爲每個數據點創建單獨的地圖並使用地圖轉換爲雙倍值。
def createMap(data: RDD[String]) : Map[String,Double] = {
var mapData:Map[String,Double] = Map()
var counter = 0.0
data.collect().foreach{ item =>
counter = counter +1
mapData += (item -> counter)
}
mapData
}
def getLablelValue(input: String): Int = input match {
case "<=50K" => 0
case ">50K" => 1
}
val census = sc.textFile("/user/cloudera/census_data.txt")
val orgTypeRdd = census.map(line => line.split(", ")(1)).distinct
val gradeTypeRdd = census.map(line => line.split(", ")(3)).distinct
val marStatusRdd = census.map(line => line.split(", ")(5)).distinct
val jobTypeRdd = census.map(line => line.split(", ")(6)).distinct
val familyStatusRdd = census.map(line => line.split(", ")(7)).distinct
val raceTypeRdd = census.map(line => line.split(", ")(8)).distinct
val genderTypeRdd = census.map(line => line.split(", ")(9)).distinct
val countryRdd = census.map(line => line.split(", ")(13)).distinct
val salaryRange = census.map(line => line.split(", ")(14)).distinct
val orgTypeMap = createMap(orgTypeRdd)
val gradeTypeMap = createMap(gradeTypeRdd)

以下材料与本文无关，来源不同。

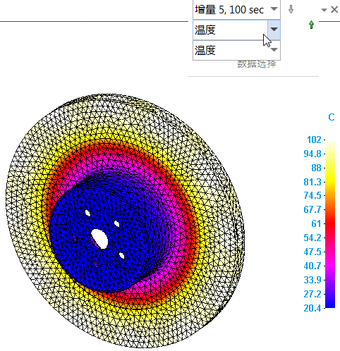 针对显示最高温度区域的输出增量显示结果图。可以使用主页选项卡→数据选择组中的列表执行此操作。

val marStatusMap = createMap(marStatusRdd)
val jobTypeMap = createMap(jobTypeRdd)
val familyStatusMap = createMap(familyStatusRdd)
val raceTypeMap = createMap(raceTypeRdd)
val genderTypeMap = createMap(genderTypeRdd)
val countryMap = createMap(countryRdd)
val salaryRangeMap = createMap(salaryRange)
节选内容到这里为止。